The last thing of worry for me now is what happens when SBMS0 fails. Is the rest of the system protected. On the PV side, the DSSR20 default to disconnect so no worry about overcharge of battery. On the drain side, the inverter has circuitry to shutdown on low voltage. Other devices connected to battery with no low voltage cutoff can kill the battery. Now, this is not a SBMS0 issue directly but since you show wonderful system wide schematics, it is something one should consider as failsafe for battery protection. In your diagrams, something where the black busbar connected to battery would be likely place for a relay that disconnects when zero power and that could connect to an EXTIOx.

[Dacian Todea]

Don,

Something is wrong if the calibration during power ON in not correct and that I why I do not insist in explaining much about the power ON calibration as at least people will ask about why that is not correct and then be able to find out that they installed the system incorrectly.

If SBMS0 is installed correctly meaning SBMS0 has remote ON/OFF for all charge sources and all Loads then zero current offset calibration will be done correctly as during power UP sequence the SBMS0 will keep the charge sources and Loads OFF so current calibration will be done correctly. But if any of the Loads or charge sources is not connected to SBMS0 remote ON/OFF (EXT IOx) then SBMS0 can not turn that OFF and so current indication will be wrong as zero offset calibration will be done wrong.

There are many way the SBMS0 can possibly fail but if all is installed correctly all loads and all charge sources should be OFF. The remote ON/OFF done trough EXT IOx are optically isolated so if say SBMS0 loses power completely for any reason like internal fault of just removed 12pin cell monitoring connector then all Loads and charger sources will be OFF if installed correctly.

The fail safe can be a circuit breaker with trip shunt controlled by the EXT IOx set as type 5 then if for some reason one of the Loads or charge sources fails to respond to the remote ON/OFF and any cell exceeds either over or under voltage lock thresholds (secondary level thresholds)  then type 5 will become open circuit and that will trip that circuit breaker that should have at least two separate contacts that way both the charge sources and separately Loads can be disconnected and keep separate the charge sources from Loads so that charge sources will not damage the Loads since both will remain without a battery.
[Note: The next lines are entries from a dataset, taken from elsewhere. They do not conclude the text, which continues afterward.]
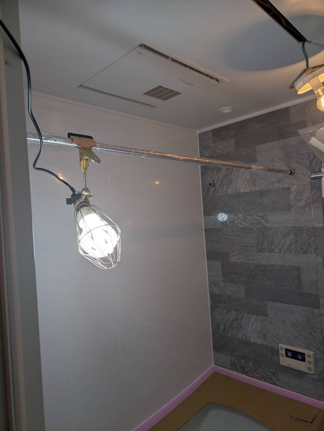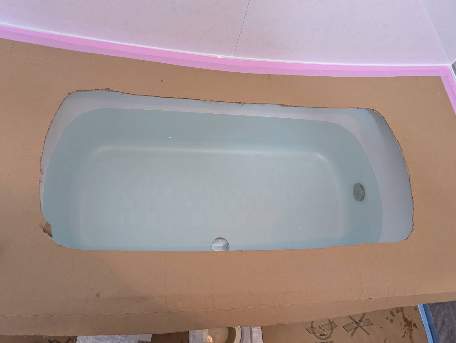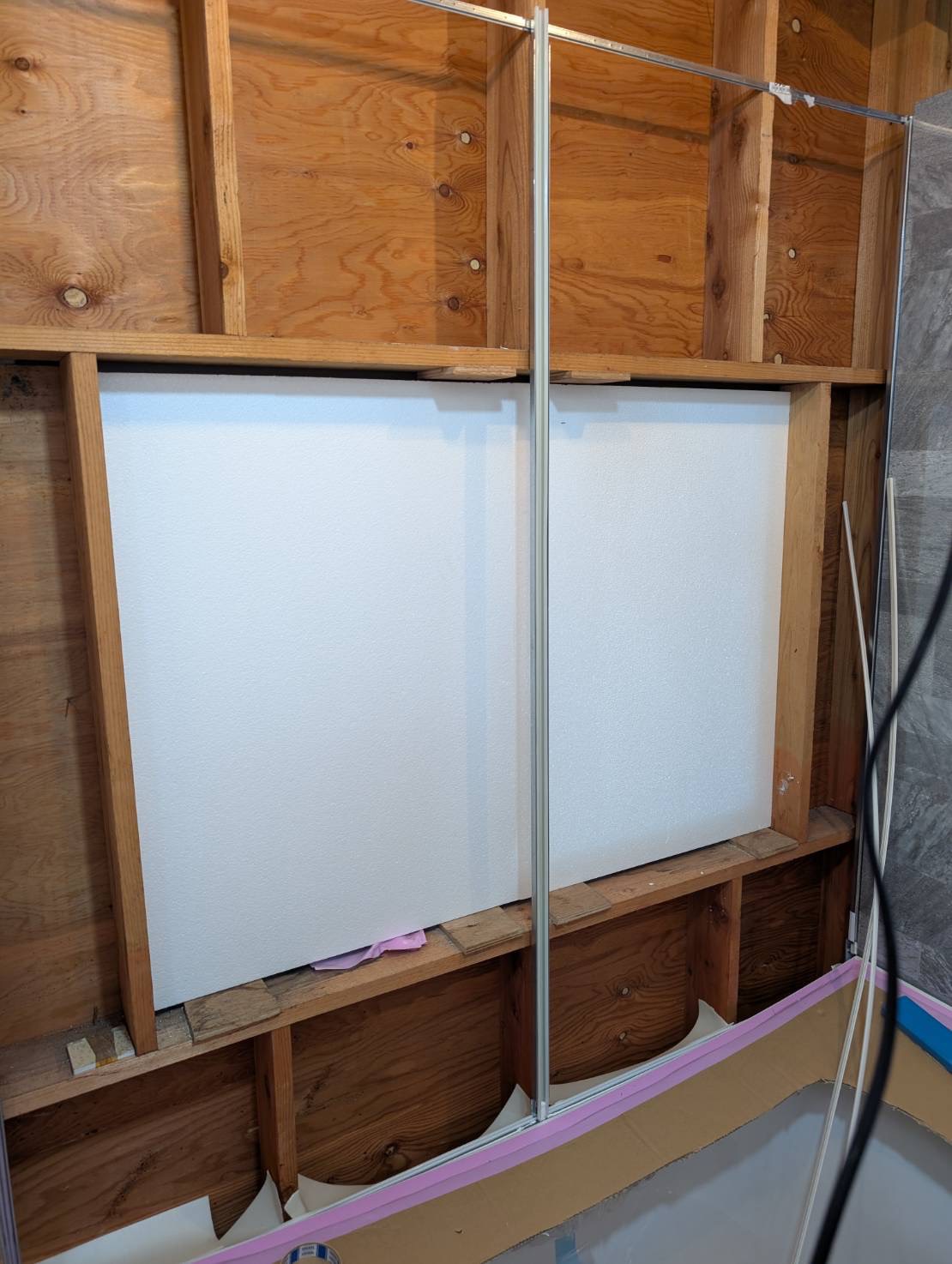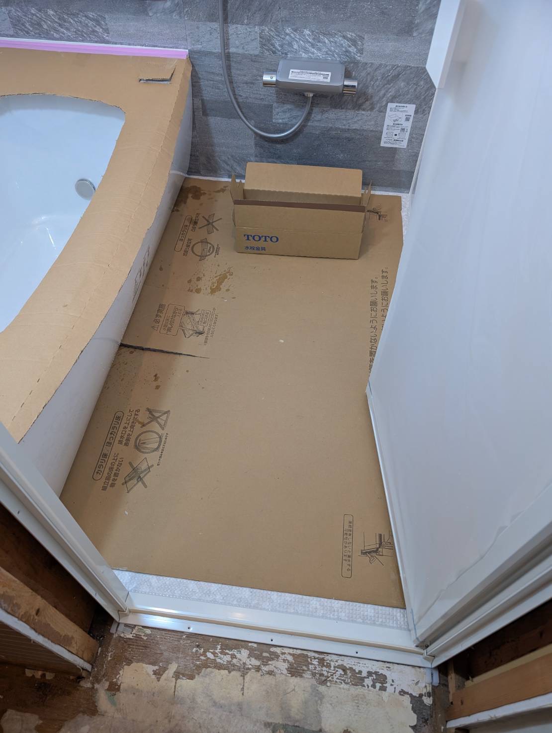 ○○様邸_TOTOサザナ1616 窓の冷気が寒いとの要望で窓を潰しました。 また、窓に断熱材を貼り、ユニットバス天井、壁パネル、床パン、浴槽の裏にも断熱を入れました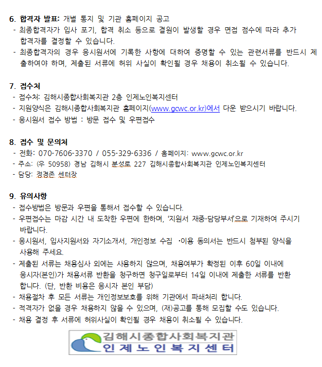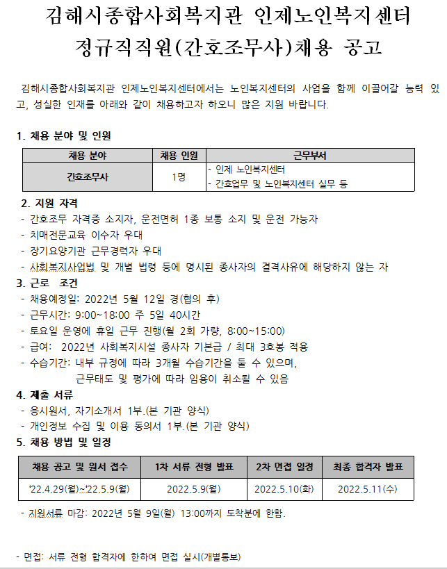 [채용공고] 김해시종합사회복지관 인제노인복지센터 정규직 직원(간호조무사) 채용 재공고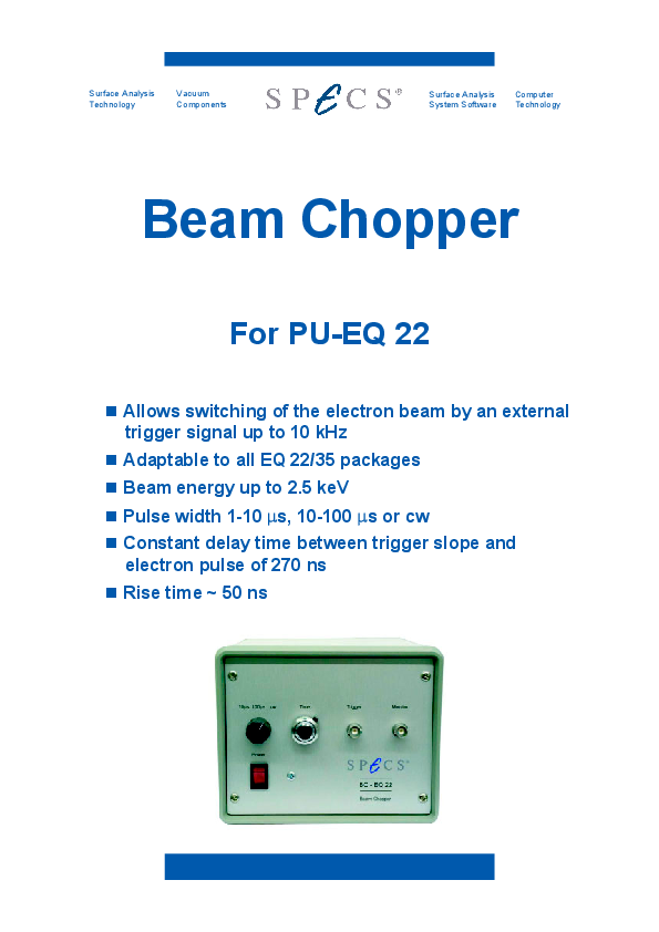 This accessory for the EQ 22/35 scanning electron source uses an external trigger signal to cut off and switch on the electron beam emitted by the electron source. It is compatible with all EQ 22/35 configurations and can be used to integrate the SPECS electron source into custom time-resolved experimental setups. The length of the emission pulse can be selected between 1 and 100 µs. For experiments which require shorter beam pulses, please refer to the Nanosecond pulse unit instead.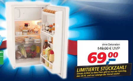 - Luxor Kühlschrank KS 1101 A+ für 79 – nur am Samstag, 20.10.12, in den real,- Fillialen (vergleichbare Geräte ab 122)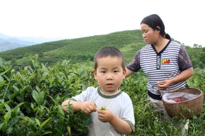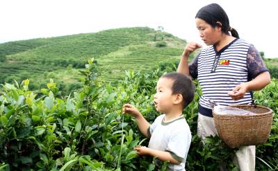 从小爱劳动 周翔是省新农村建设示范村竹溪县水坪镇前进村的孩子,明天是“六一”儿童节。 5月31日,今年4岁周翔正在帮妈妈采摘茶叶,用劳动迎接节日来临。(视界网 王忠春 摄)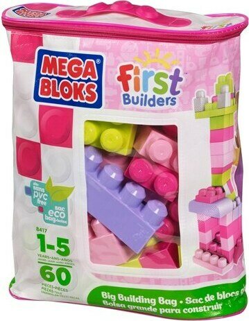 Vetoketjulla suljettava muovinen säilytyspussi. Sisältää 60 pastelliväristä palikkaa. Ikäsuositus +1 vuotiaille.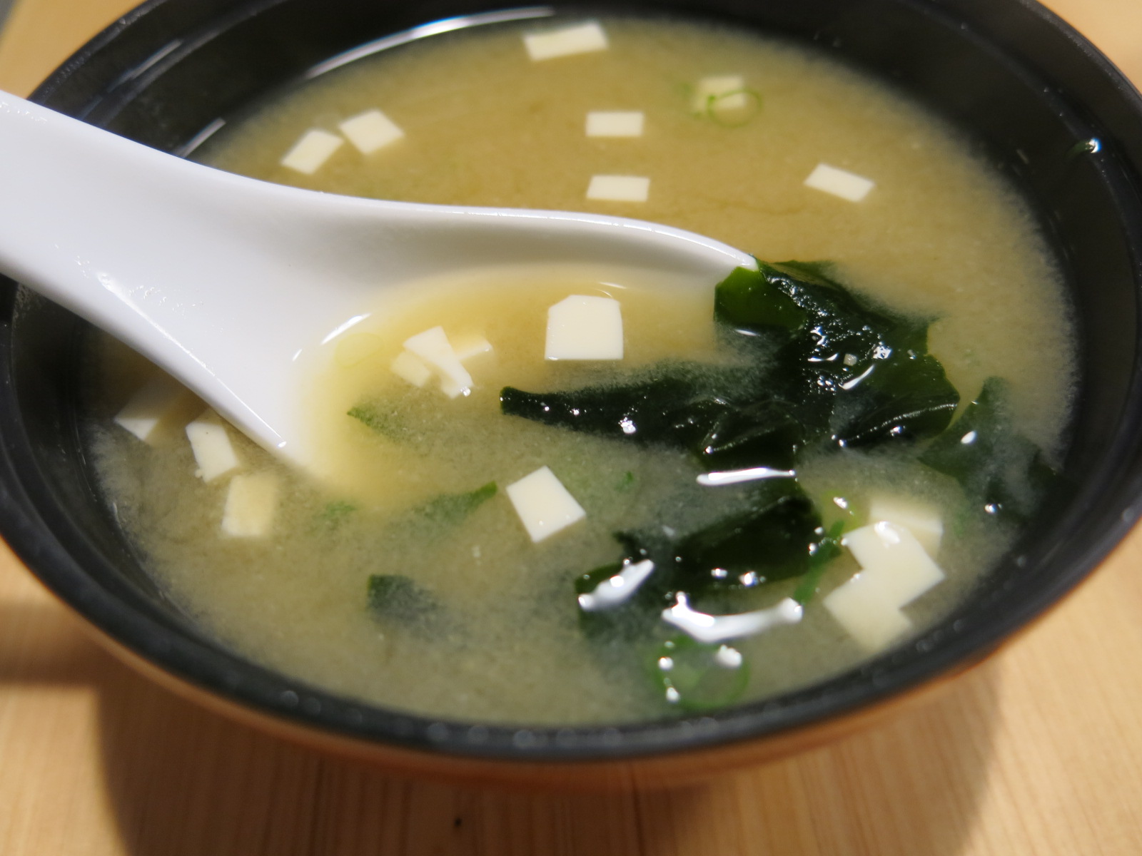 味噌湯的配料切得很精緻,每口都吃得到嫩豆腐與海帶芽,屬於偏鹹的日本口味。
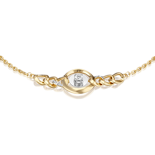 Браслет из лимонного (желтого) и белого золота 585 пробы на цепочке с white-топазами из коллекции PLATINA LINE от ювелирного бренда PLATINA. Длина цепочки регулируется. Дизайн украшения в стиле геометрия и минимализм. Декоративная часть выполнена с силуэтом цепи с укрупнённым звеном по центру. Украшение инкрустировано натуральными white-топазами, закрепка которых выполнена вручную. Браслет подойдёт к деловому и повседневному гардеробу, а также для коктейльных и вечерних мероприятий.

So this fail safe if needed will be installed immediately after the PV current shunt and battery current shunt respectively that way isolating the battery from all charge sources and separately from all Loads.

There is a post I made recently showing some trip shunt breakers for this sort of application.

This is one of the reason that I think best option for those not very technical is not a guide or user manual but a set of complete examples to select from having full schematic/diagram and all the parts list needed to build the example that way making sure that all will work as intended.  I just do not have the time at the moment to do that.

[Oberon Robinson]

Thanks very much for your feedback, Don — I really appreciate everyone who reads through and suggests areas that need more clarification.

Dacian, I have to respectfully disagree that non-technical people don't want to have a more full understanding of the system.  From what I've seen reading through a lot of solar forums, the type of person who builds a DIY system wants to understand everything that they are doing, and learning it is part of the pleasure of DIY.  People who aren't interested in understanding at least some of the technical details will just buy a complete drop-in system, or hire a professional installer.  The target market for ElectroDacus is very much the DIY community, and that type of person wants to know the WHY, not just the HOW.  I still think it would be great to have your set of complete examples, whenever you are able to find the time to put it together.  But I've also had a large number of people tell me how helpful the Beginner's Guide has been for them as well.  I always think that more documentation is better!

[Dacian Todea]

Oberon,

I probably did not express myself correctly. I will prefer everyone will be an expert.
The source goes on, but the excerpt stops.